Example 17 includes the housing of Example 16, wherein the height is in the range of 7 mm to 8 mm, the length is in the range of 35 mm to 45 mm, and the width is in the range of 25 mm to 35 mm.

Example 18 includes the housing of Example 17, wherein the height is in the range of 7.5 mm to 7.7 mm, the length is in the range of 39 mm to 41 mm, and the width is in the range of 29 mm to 31 mm.

Example 19 provides a housing containing a substrate, the substrate having the laser controller integrated circuit of any one of Examples 1-15 populated thereon, wherein the housing has a height, length, and width, and wherein a sum of the height, the length, and the width is less than 120 mm.

Example 20 provides a housing containing a substrate, the substrate having the laser controller integrated circuit of any one of Examples 1-15 populated thereon, wherein the housing has a height, length, and width, the height being less than 20 mm, the length being less than 50 mm, and the width being less than 50 mm.

Example 21 includes the housing of any one of Examples 16-20, wherein the substrate includes at least one of a printed circuit board (PCB), a wafer-level package, a glass substrate, a semiconductor substrate, or any type of three-dimensional heterogenous packaging.

Example 22 provides a laser controller comprising laser bias current circuitry, thermal control circuitry, and the laser controller IC of any one of Examples 1-15.

Example 23 provides a laser controller comprising laser bias current circuitry, thermal control circuitry, and a laser controller integrated circuit (IC). The laser controller IC includes a digital programming interface, a first input port, a second input port, and a sideband direct digital synthesizer coupled to the first input port and configured to produce a reference signal based on an input signal received via the first input port and one or more first control signals received via the digital programming interface. The laser controller IC further includes a Pound-Drever-Hall (PDH) frequency-locking control loop coupled to the second input port, to the sideband direct digital synthesizer, to the digital programming interface, and to the laser bias current circuitry, the PDH frequency-locking loop configured to produce a corrected DC bias current signal based on the reference signal, one or more second control signals received via the digital programming interface, and a measurement signal received via the second input port, and to provide the corrected DC bias current signal to the laser bias current circuitry.
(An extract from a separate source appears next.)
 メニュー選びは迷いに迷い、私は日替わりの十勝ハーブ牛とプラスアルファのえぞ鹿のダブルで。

The laser controller IC further includes a thermal management circuit coupled to the digital programming interface and to the thermal control circuitry, the thermal management circuit configured to provide at least one thermal control signal to the thermal control circuitry based on one or more thermal control signals received via the digital programming interface.

Example 24 includes the laser controller of Example 23, wherein the digital programming interface comprises one or more configuration registers coupled to an I2C serial configuration interface.
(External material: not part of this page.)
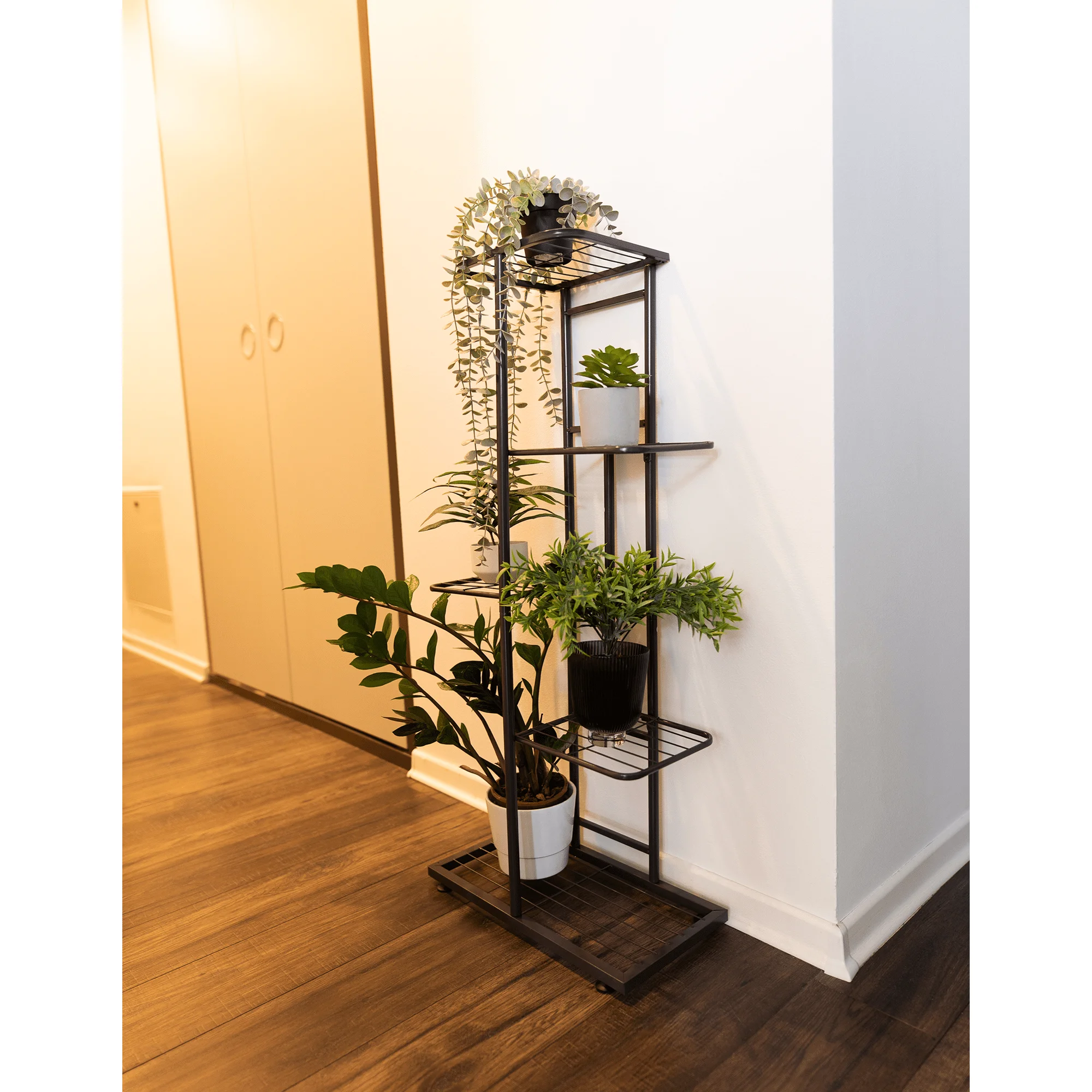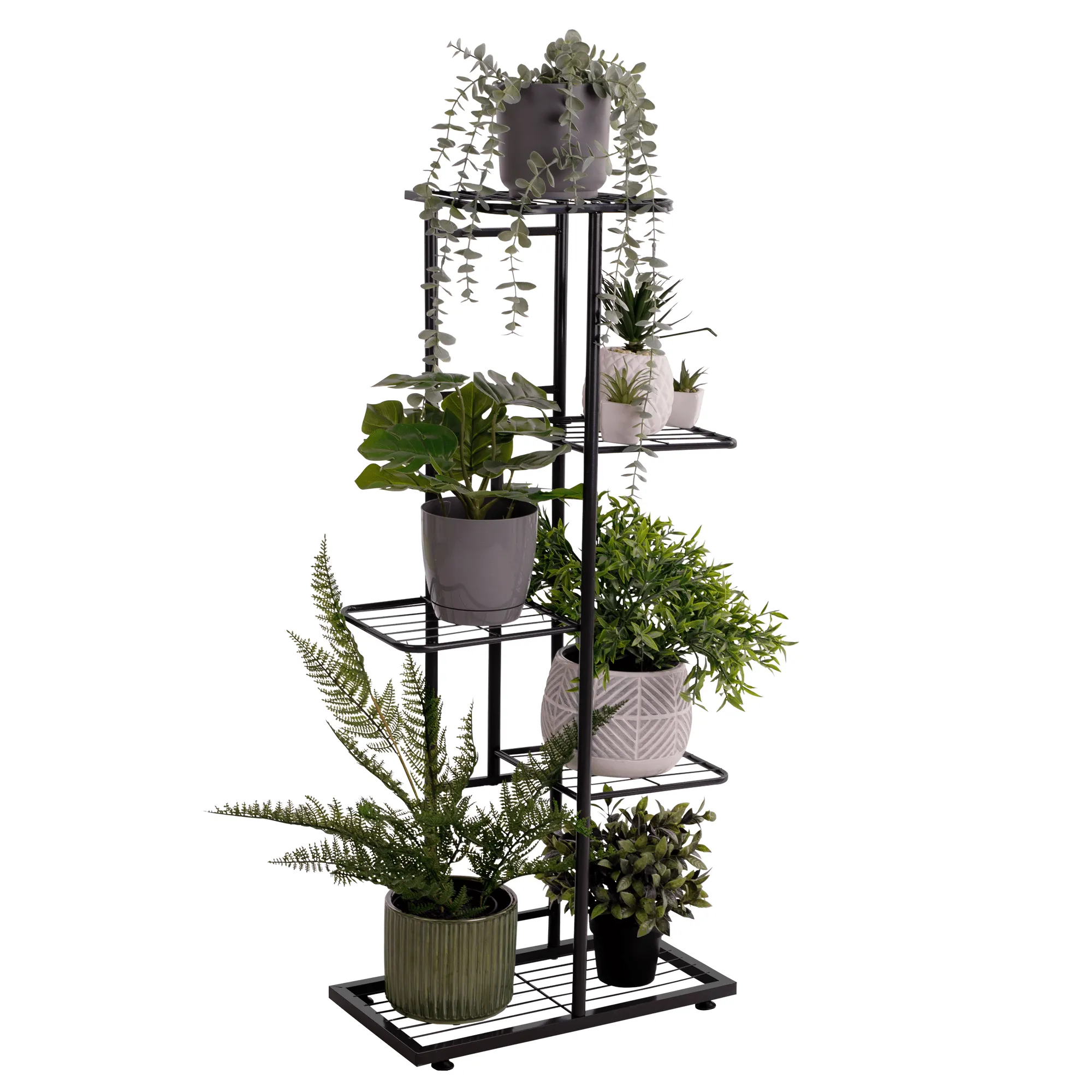 Stojan na květiny Barva: tmavě šedá Materiál: kov Rozměry (šířka x výška x hloubka): 43 x 98 x 22 cm Nosnost na jednu polici: 2 kg Tloušťka tyče: 1,6 cm Nohy zakončené ohebnými kluzáky na vyrovnání

Example 25 includes the laser controller of one of Examples 23 or 24, wherein the measurement signal represents at least one sideband of a laser signal output from a laser diode, wherein the reference signal is in phase with a sideband modulation of the laser signal, and wherein the sideband direct digital synthesizer is further configured to produce a modulation signal that controls the sideband modulation of the laser signal, the modulation signal and the reference signal having a same frequency.

Example 26 includes the laser controller of Example 25, further comprising a current summer, and wherein the PDH frequency-locking control loop comprises a transimpedance amplifier configured to convert the measurement signal to a voltage signal, a mixer coupled to an output of the transimpedance amplifier and configured to mix the voltage signal with the reference signal to produce a loop signal, and a loop filter coupled to the mixer and configured to produce an error signal based on the loop signal. The current summer is configured to produce the corrected DC bias current signal based on a nominal bias current signal, the modulation signal, and the error signal.

Example 27 includes the laser controller of Example 26, wherein the loop filter is a proportional-integral-derivative filter.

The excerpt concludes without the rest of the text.